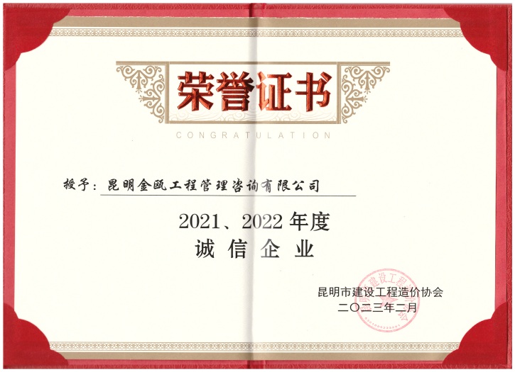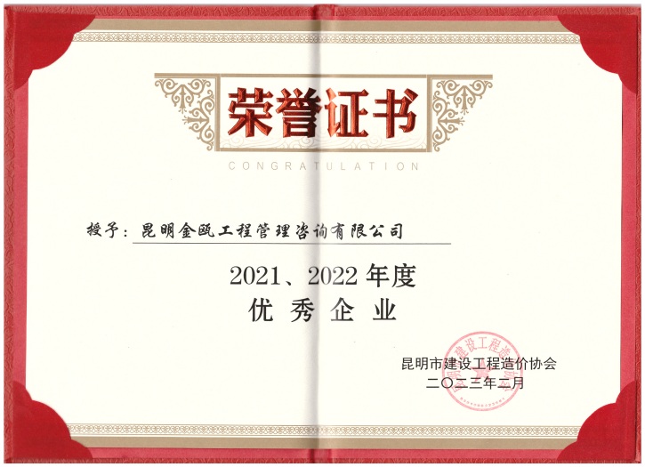 每一項的成績及榮譽,不僅展現出公司愈加成熟的綜合管理水平,也體現出公司里每一份子對待工作愈加的自律與自信,是對自身工作方式的自律,是對自身工作成績的自信。從疫情放開的今年,公司也將繼續秉持高效、高專、高水平的綜合管理能力及凝聚力,讓昆明金甌的人才隊伍愈加壯大!
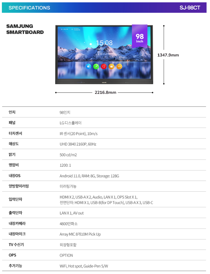 [삼정] 스마트보드 전자칠판 98인치 SJ-98CT
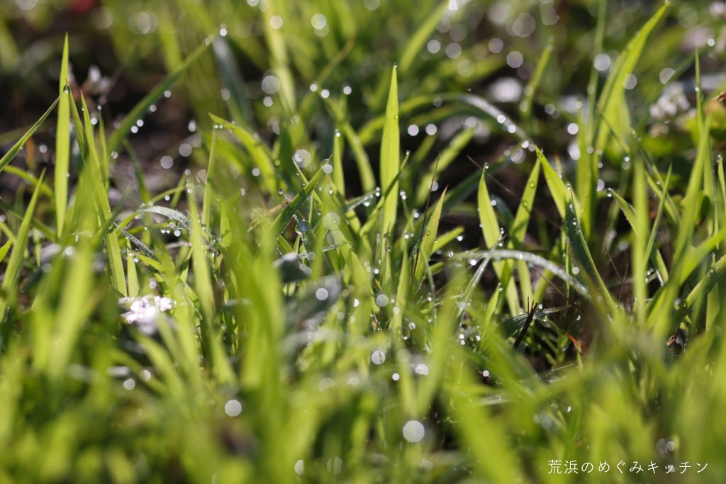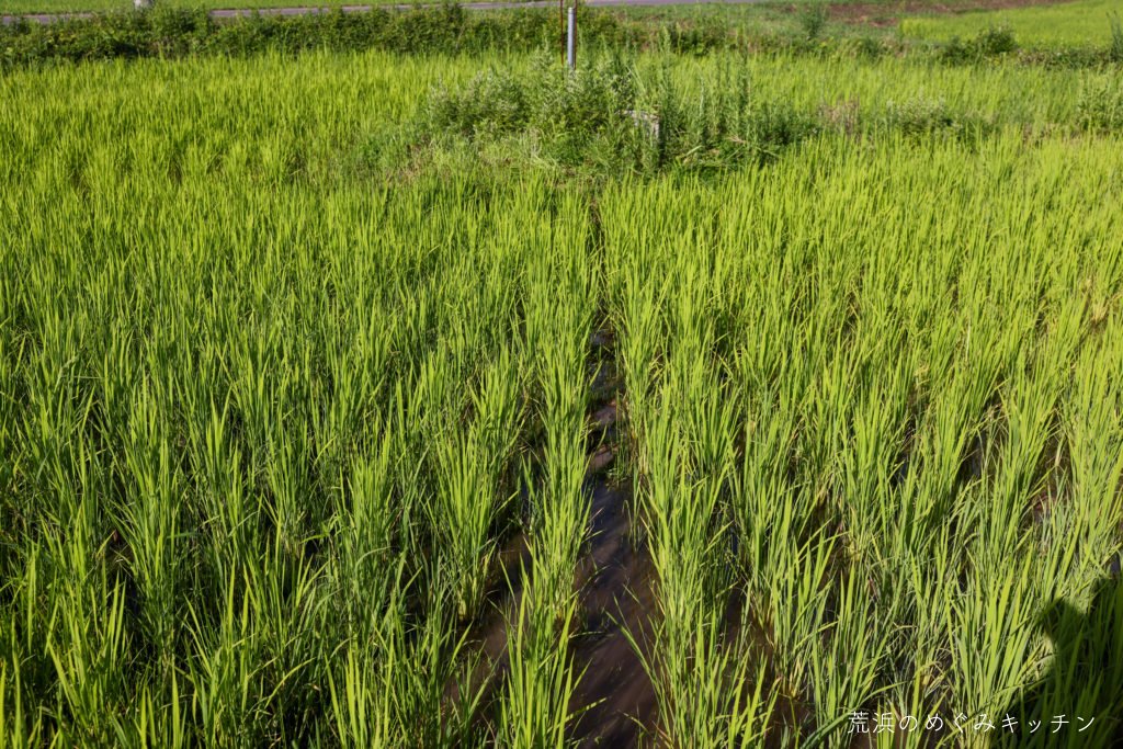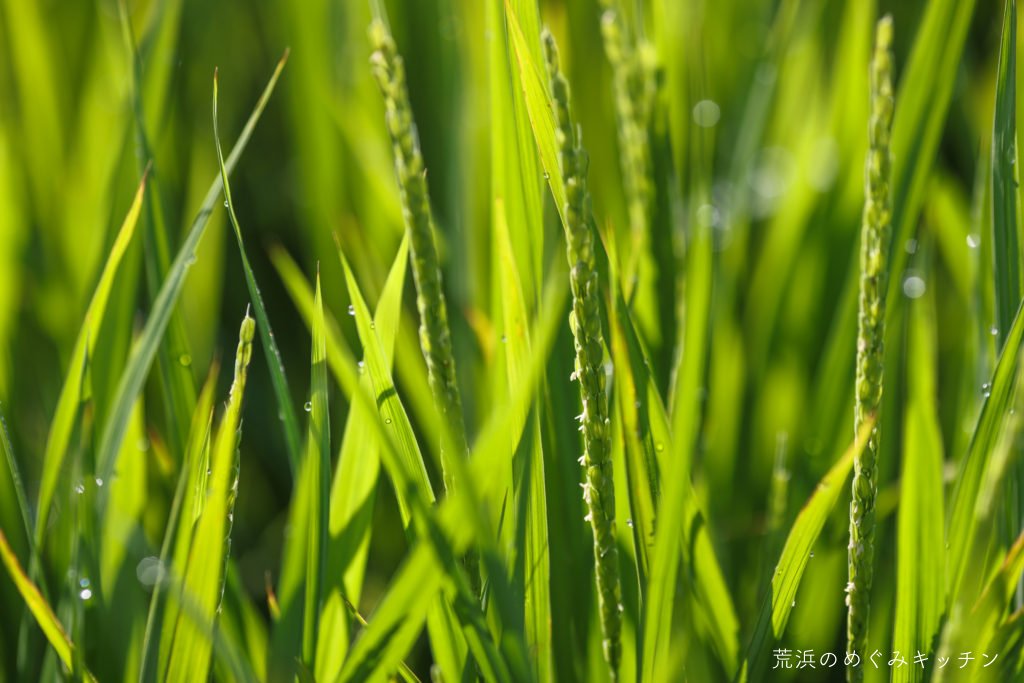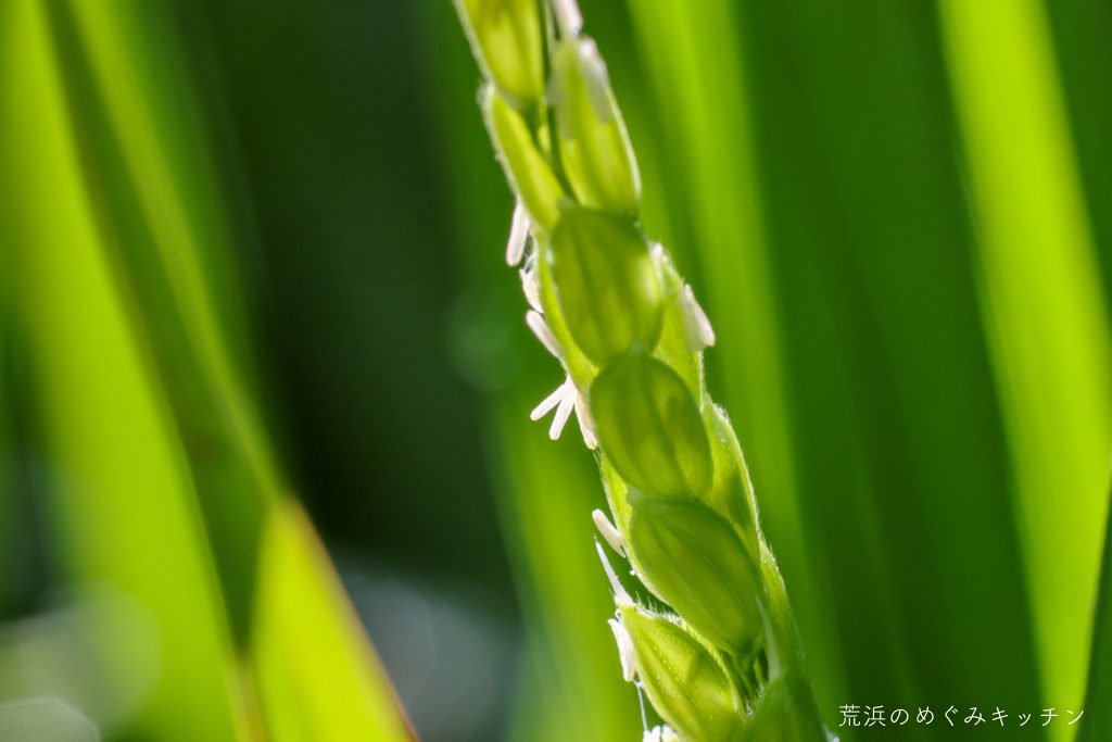 荒浜ベースがある地域には、たくさんの田んぼが広がっています。丸い田んぼは植えたのが遅くまだまだですが、周囲の田んぼでは少しずつイネの花が咲き始めていました。小さな花が朝陽で輝き美しい。

TASK PROMPT:
You are asked to reproduce each line above exactly, but to exclude the pictures.

YOUR RESPONSE:
 每一項的成績及榮譽,不僅展現出公司愈加成熟的綜合管理水平,也體現出公司里每一份子對待工作愈加的自律與自信,是對自身工作方式的自律,是對自身工作成績的自信。從疫情放開的今年,公司也將繼續秉持高效、高專、高水平的綜合管理能力及凝聚力,讓昆明金甌的人才隊伍愈加壯大!
 [삼정] 스마트보드 전자칠판 98인치 SJ-98CT
 荒浜ベースがある地域には、たくさんの田んぼが広がっています。丸い田んぼは植えたのが遅くまだまだですが、周囲の田んぼでは少しずつイネの花が咲き始めていました。小さな花が朝陽で輝き美しい。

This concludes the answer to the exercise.